17% of person having heart  disease will also have stroke whereas 4% of the person that doesnot have heart disease will have stroke.

# **2. Distribution of each categorical attribute w.r.t. continuous attribute having hue =stroke**

In [None]:
sns.catplot(x="heart_disease", y="bmi",hue='stroke' ,kind="box", data=data)
sns.catplot(x="heart_disease", y="age",hue='stroke' ,kind="box", data=data)
sns.catplot(x="heart_disease", y="avg_glucose_level",hue='stroke' ,kind="box", data=data)

In [None]:
plt.figure(figsize=(10,12))
plt.subplot(3,1,1)
sns.violinplot(x = 'hypertension', y="bmi",hue='stroke', data = data)
plt.subplot(3,1,2)
sns.violinplot(x = 'hypertension', y = 'age',hue='stroke', data = data)
plt.subplot(3,1,3)
sns.violinplot(x = 'hypertension', y = 'avg_glucose_level',hue='stroke', data = data)
plt.show()

In [None]:
sns.catplot(x="smoking_status", y="bmi",hue='stroke' ,aspect=1.7,kind="swarm" ,data=data)
sns.catplot(x="smoking_status", y="age",hue='stroke' ,aspect=1.7,kind="swarm" ,data=data)
sns.catplot(x="smoking_status", y="avg_glucose_level",hue='stroke' ,aspect=1.7,kind="swarm" ,data=data)

In [None]:
sns.catplot(x="ever_married", y="bmi", hue='stroke',jitter=False, data=data)
sns.catplot(x="ever_married", y="age", hue='stroke',jitter=False, data=data)
sns.catplot(x="ever_married", y="avg_glucose_level", hue='stroke',jitter=False, data=data)

In [None]:
sns.catplot(x="Residence_type", y="bmi", hue='stroke',data=data)
sns.catplot(x="Residence_type", y="age", hue='stroke', data=data)
sns.catplot(x="Residence_type", y="avg_glucose_level", hue='stroke', data=data)

In [None]:
sns.catplot(x="work_type", y="bmi", hue='stroke', kind="boxen",data=data)
sns.catplot(x="work_type", y="age", hue='stroke', kind="boxen",data=data)
sns.catplot(x="work_type", y="avg_glucose_level", hue='stroke', kind="boxen",data=data)

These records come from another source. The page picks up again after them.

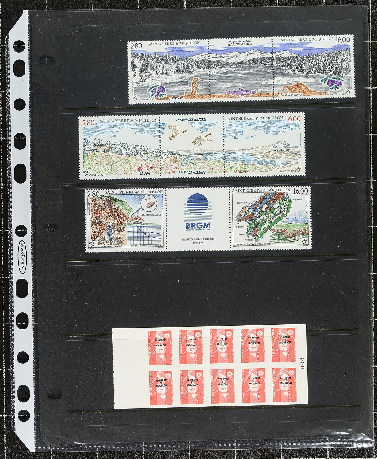 Five pages from a range of colonies, from a single stamp to a full page. A mix of mint and used, with better throughout. Offices in China #J22 15c overprinted and used on small piece with matching postmark (cat $350.00). New Caledonia #J5a (missing "i" in "Tenaire") mint with hinge remnant (cat $260.00). A page of Madagascar is mostly used (cat $201.00). The St. Pierre and Miquelon is a mint selection of trios and a complete booklet. The "France Libre" overprints on the Wallis and Futuna issues are missing the few very scarce denominations, but there is still lots of value here. Last but not least is a page of mostly mint from French Guiana (with lots of heavily hinged - cat $202.00). Estimate =
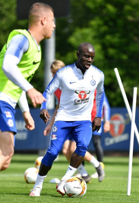 | Le milieu de Chelsea N'Golo Kanté prépare la finale de la Ligue Europa au centre d'entraînement du club à Cobham, le 22 mai. |
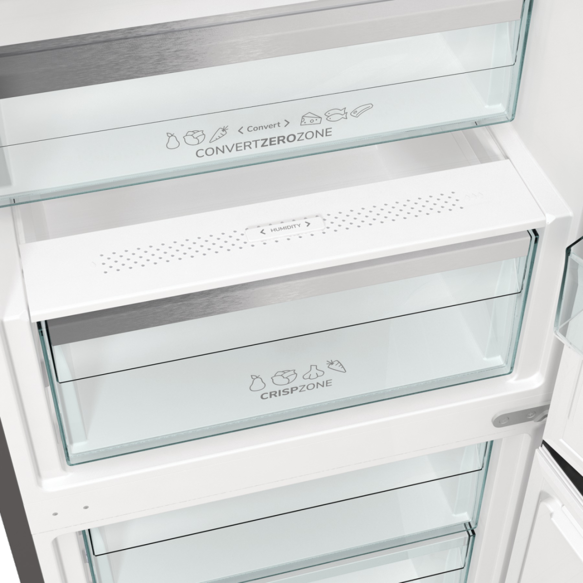Prostorná zásuvka CrispZone je navržena tak, aby zachovala živiny a prodloužila čerstvost vašich potravin díky nízké teplotě a možnosti nastavení úrovně vlhkosti.

# 3. Distribution of each continuous attribute w.r.t. continuous attribue having hue =stroke

In [None]:
plt.figure(figsize=(10,12))
plt.subplot(3,1,1)
sns.scatterplot(data=data, x="age", y="bmi", hue='stroke')
plt.subplot(3,1,2)
sns.scatterplot(data=data, x="age", y="avg_glucose_level", hue='stroke')
plt.subplot(3,1,3)
sns.scatterplot(data=data, x="bmi", y="avg_glucose_level", hue='stroke')

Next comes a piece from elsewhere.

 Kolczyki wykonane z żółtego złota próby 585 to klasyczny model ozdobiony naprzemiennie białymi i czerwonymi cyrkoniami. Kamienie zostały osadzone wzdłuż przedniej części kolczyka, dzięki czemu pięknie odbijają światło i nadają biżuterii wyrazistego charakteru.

# **4. Correlation among the attributes**

In [None]:
plt.figure(figsize=(15,8))
sns.heatmap(data.corr(),cmap="Blues");

In [None]:
data.corr()

From the above matrix and table, we can see that age is more correlated to stroke, after that heart disease and avg glucose label.

# **Data Preprocesssing**

In [None]:
data.head(5)

As the data contains categorial feature so I will convert it into numerical value by doing encoding.

In [None]:
encode = LabelEncoder()
data = data.apply(encode.fit_transform)
data.head()

In [None]:
data.info()

As bmi feature contains NAN value so I will replace it with the mean of bmi featrue.

In [None]:
data['bmi'].fillna((data['bmi'].mean()), inplace=True)
data.info()

Let us drop the id as well as store stroke in another list

In [None]:
data = data.drop('id', axis=1)
y=data['stroke']
data = data.drop('stroke', axis=1)
data.head()

As the classes are imbalanced so I will first split the data into train and test then I will balance the classes by first doing oversampling and then by downsampling.

In [None]:
X_train, X_test, y_train, y_test = train_test_split(data, y, test_size=0.2, random_state=42)
sm = SMOTE(random_state=42)
X_res, y_res = sm.fit_resample(X_train, y_train)
plt.figure(figsize=(12,6))
plt.subplot(1,2,1)
y_train.value_counts().plot(kind='bar')
plt.title("Original distribution of training data")
plt.subplot(1,2,2)
y_res.value_counts().plot(kind='bar')
plt.title("Distribution of training data after balancing the classes")

Now our data is ready to give to any machine learning algorithm.